Personal information
- Full name: Noel Lovell
- Born: 26 September 1961 (age 64)
- Original team: Preston RSL
- Height: 178 cm (5 ft 10 in)
- Weight: 76 kg (168 lb)

Playing career^{1}
- Years: Club / Games (Goals)
- 1981–1984: Collingwood / 16 (6)
- 1985–1986: Richmond / 4 (0)
- Total:  / 20 (6)
- ^{1} Playing statistics correct to the end of 1986.

= Noel Lovell =

Australian rules footballer

Noel Lovell (born 26 September 1961) is a former Australian rules footballer who played with Collingwood and Richmond in the Victorian Football League (VFL) during the 1980s.

Lovell made his league debut in Collingwood's 1981 Preliminary Final win, coming off the interchange bench when Ross Brewer injured his ankle.
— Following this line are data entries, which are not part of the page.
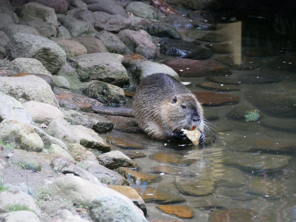 Den Rest des Parks haben wir – nach einer zweiten Ess- und Trinkpause für die Kinder – recht zügig abgearbeitet, denn 3 Stunden sind schnell vergangen. Am Streichelzoo war der Andrang groß. Wenn Deine Kinder noch nie da waren, lohnt sich das Warten sicher, aber für die „großen“ Zwillinge war das nichts Neues mehr, da sie schon häufiger im Wildpark waren. Besonders spannend hingegen fanden sie die Nutrias (Nr. 54) und die Störche (Nr. 60).
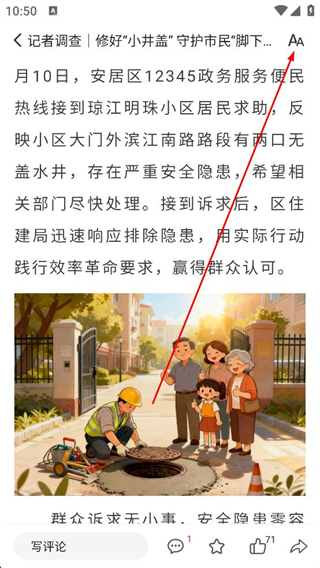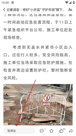 4、調整字體后繼續瀏覽資訊,查看施工單位采取的應急防護措施內容,點擊寫評論框可輸入個人看法進行互動。
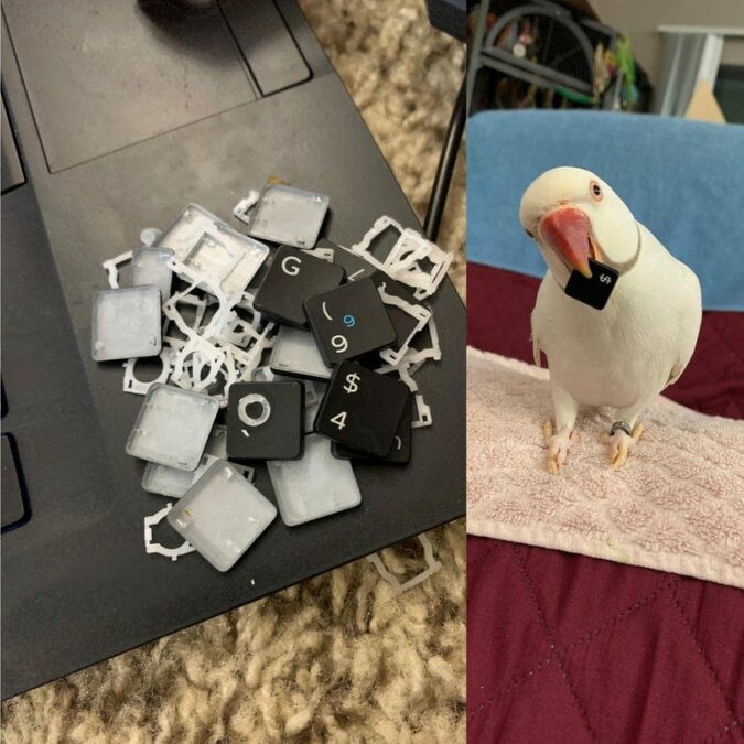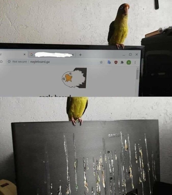 Papuga, która nie zrobiła nic złego. Po prostu siedziała i sumiennie robiła kupę.
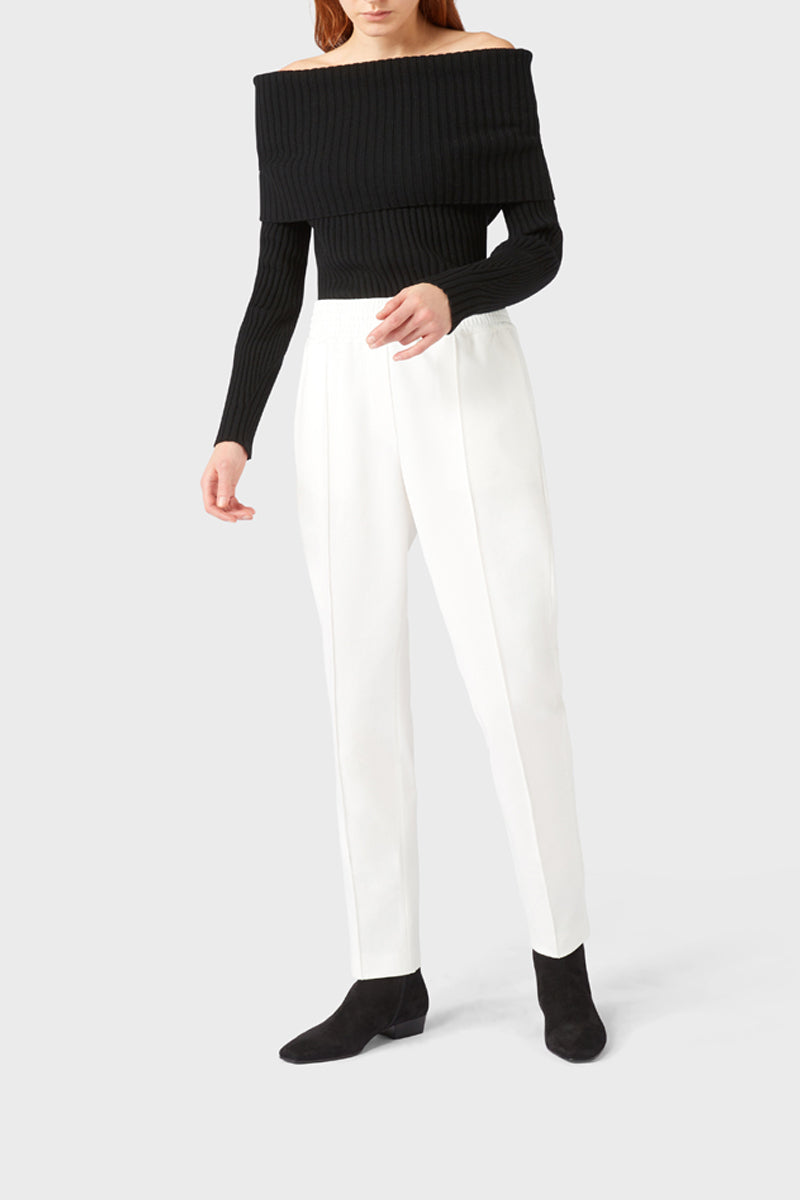 Cod.L2WI39 Pantalone in punto milano con elastico in vita, cuciture in tono al centro gamba e lunghezza alla caviglia
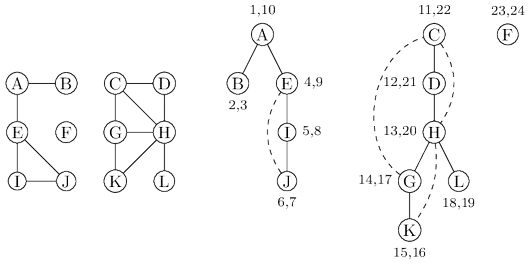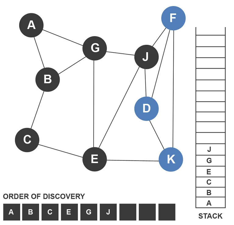 # If already visited, node is already popped (backtrack)This implementation produces the same traversal behavior as recursive DFS. The stack ensures that the most recently discovered node is explored first, preserving the depth-first exploration pattern.
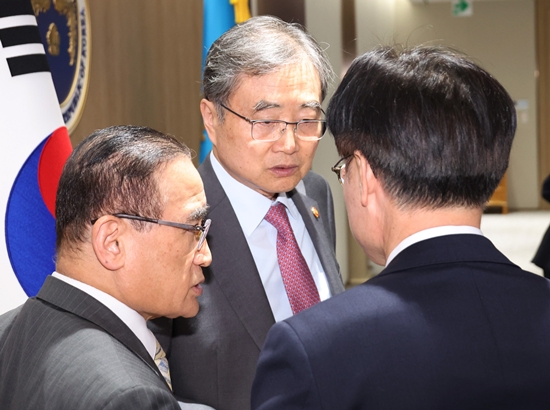 ¡ã 4ÀÏ ¿ë»ê ´ëÅë·É½Ç¿¡¼­ ¿­¸° ±¹¹«È¸ÀÇ¿¡¼­ À§¼º¶ô ±¹°¡¾Èº¸½ÇÀå(¿ÞÂʺÎÅÍ), Á¶Çö ¿Ü±³ºÎ Àå°ü, ±èÁ¤°ü »ê¾÷ºÎ Àå°üÀÌ ´ëÈ­Çϰí ÀÖ´Ù. ¿¬ÇÕ´º½º

This made him the first VFL player from any club since Len Thompson in 1965 to make his debut in a preliminary final. Recruited from Preston RSL, Lovell was again playing off the interchange bench in the 1981 VFL Grand Final and experienced his first loss.

He played the first seven rounds in 1982 but struggled to get a game over the next two seasons and finished his career with a stint at Richmond.